По-татарски песенка звучала так: «Хвостом туда-сюда машу, воем так и сяк глушу, если булку не вернешь, изрублю-распотрошу». Qalca, qalca turaem.
Пела песенку бабка, которую в переводах называли ведьмой или Бабой-ягой. По-настоящему она называлась не волшебницей и даже не Кошмар-апой. Она называлась или calmawız – «проглотка» то есть, или ubırlı qarçıq, то есть «убырова старуха». То есть старуха, в которую вселился убыр.

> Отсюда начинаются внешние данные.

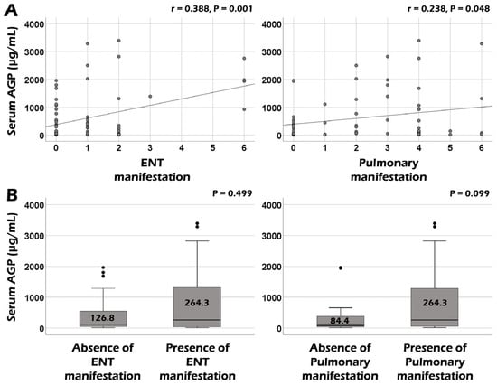 Serum AGP was significantly correlated with the BVAS (r = 0.255, p = 0.033) and ESR (r = 0.031, p = 0.015) at AAV diagnosis. However, no significant correlation was observed between serum AGP and CRP or serum albumin (Figure 1). Additionally, among the nine systemic items of the BVAS, serum AGP showed significant correlations with the sum scores of both ear–nose–throat (ENT) and pulmonary manifestations (r = 0.388, p = 0.001, and r = 0.238, p = 0.048, respectively) (Figure 2A). However, when comparing serum AGP according to the presence of ENT or pulmonary manifestation, no significant differences were observed in the serum AGP between the two groups (Figure 2B).
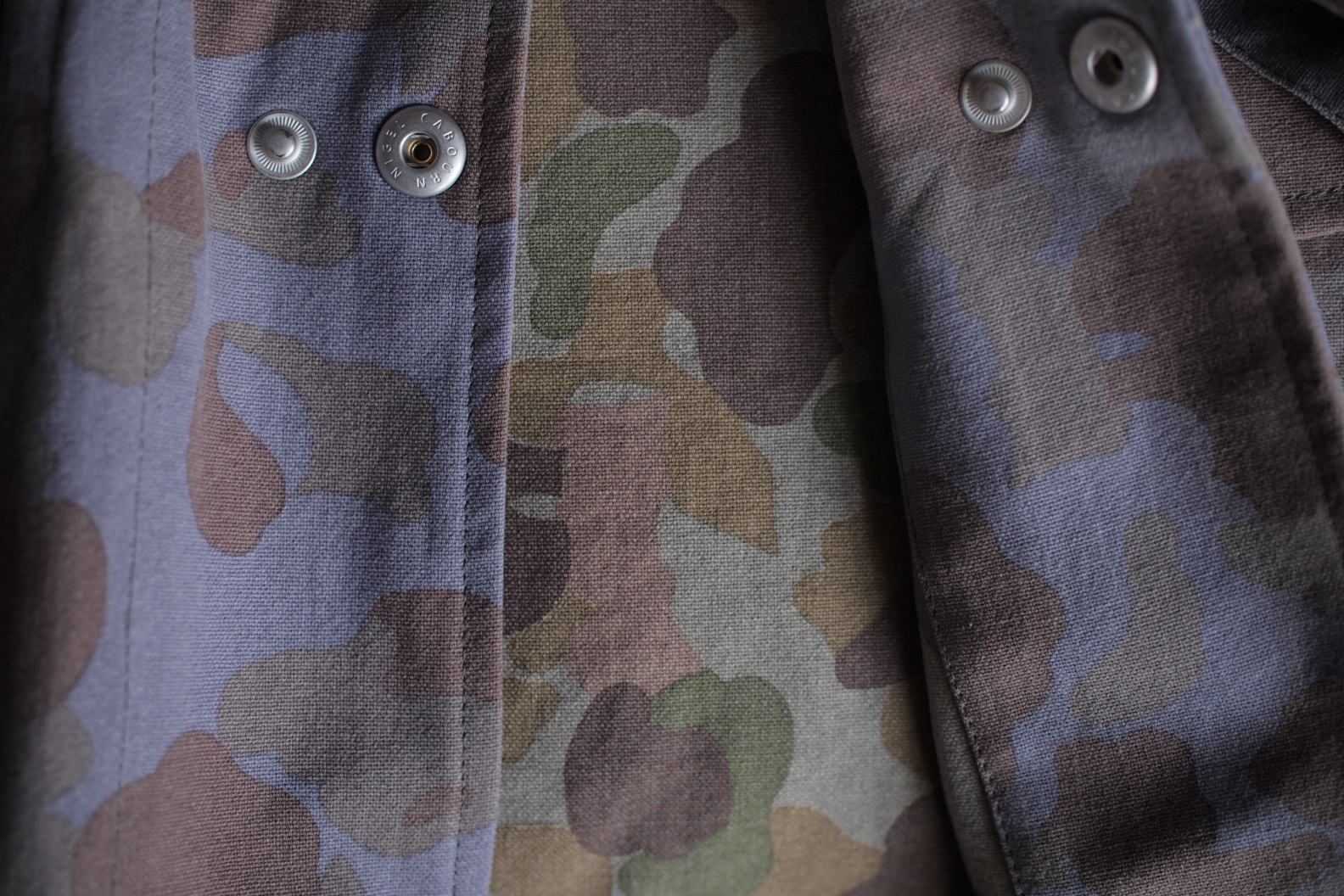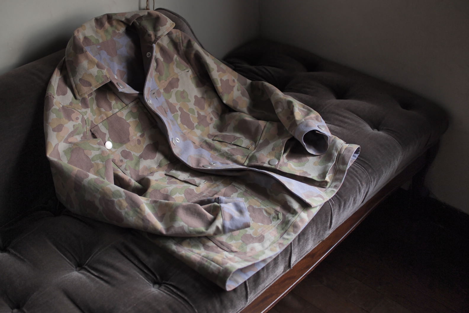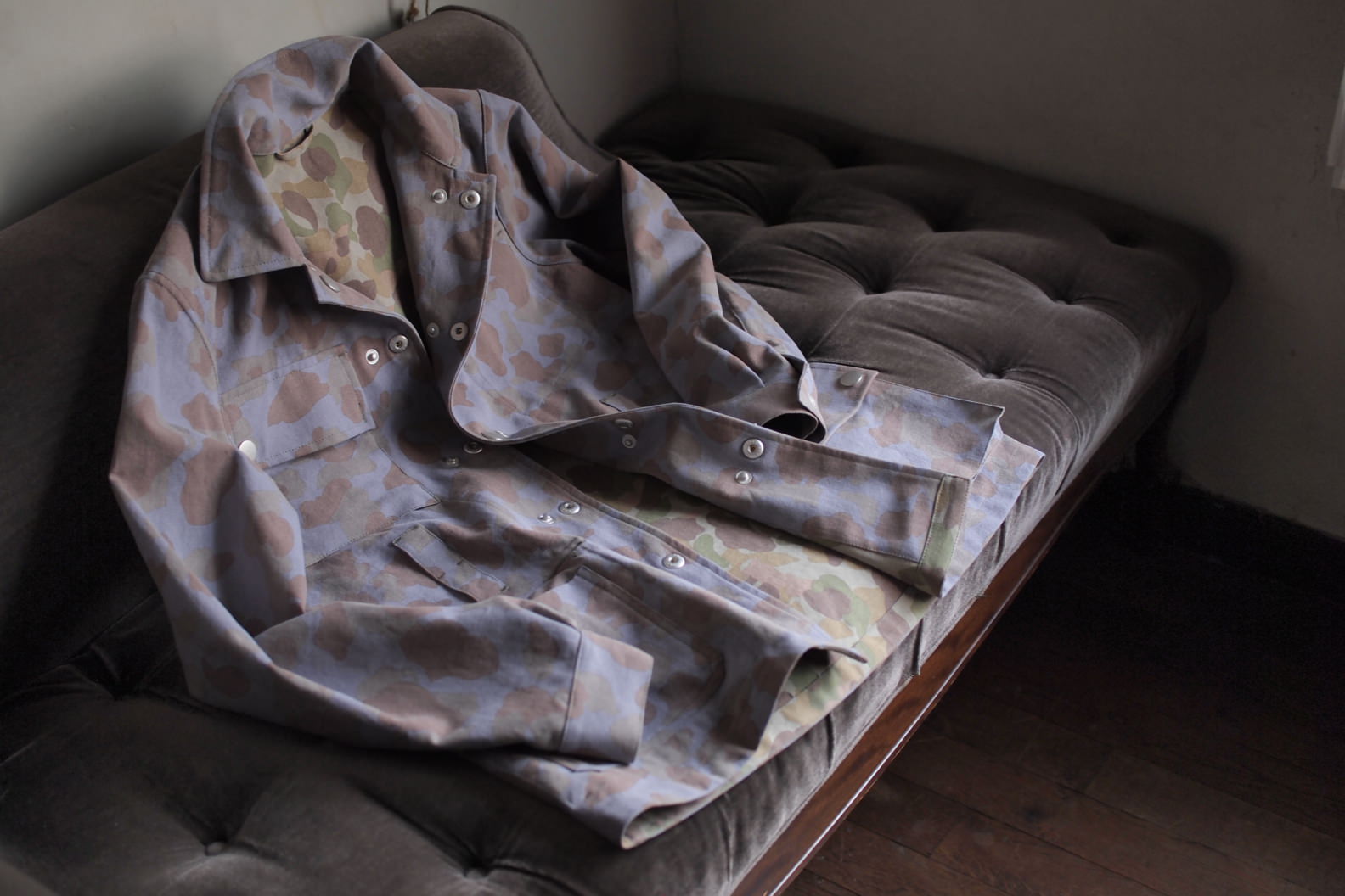ファブリックはイタリア・Lyria社と共同制作した、ダブルサイドのフロッグスキンカモフラージュ。

А убыр – это такой нечистый дух вроде черта, который по-русски называется упырь. Но татарский убыр не пьет кровь. Это балканские сказочники придумали, а остальные за ними повторяют. Ubır до сих пор в переносном смысле значит «обжора», ну и куча родственных слов есть со значениями типа «глотать кусками». Даже провалы в земле похоже называют. Потому что убыр вылазит из-под земли, жрет мертвецов и маленьких девочек, а особенно любит младенцев и неродившихся детей. А еще залезает в животных и людей, которыми двигает, как куклами на перчатке. Из обычной пенсионерки или даже нестарой женщины он выбрасывает душу, а саму превращает в коварную людоедку. Вот она и называется ubırlı qarçıq.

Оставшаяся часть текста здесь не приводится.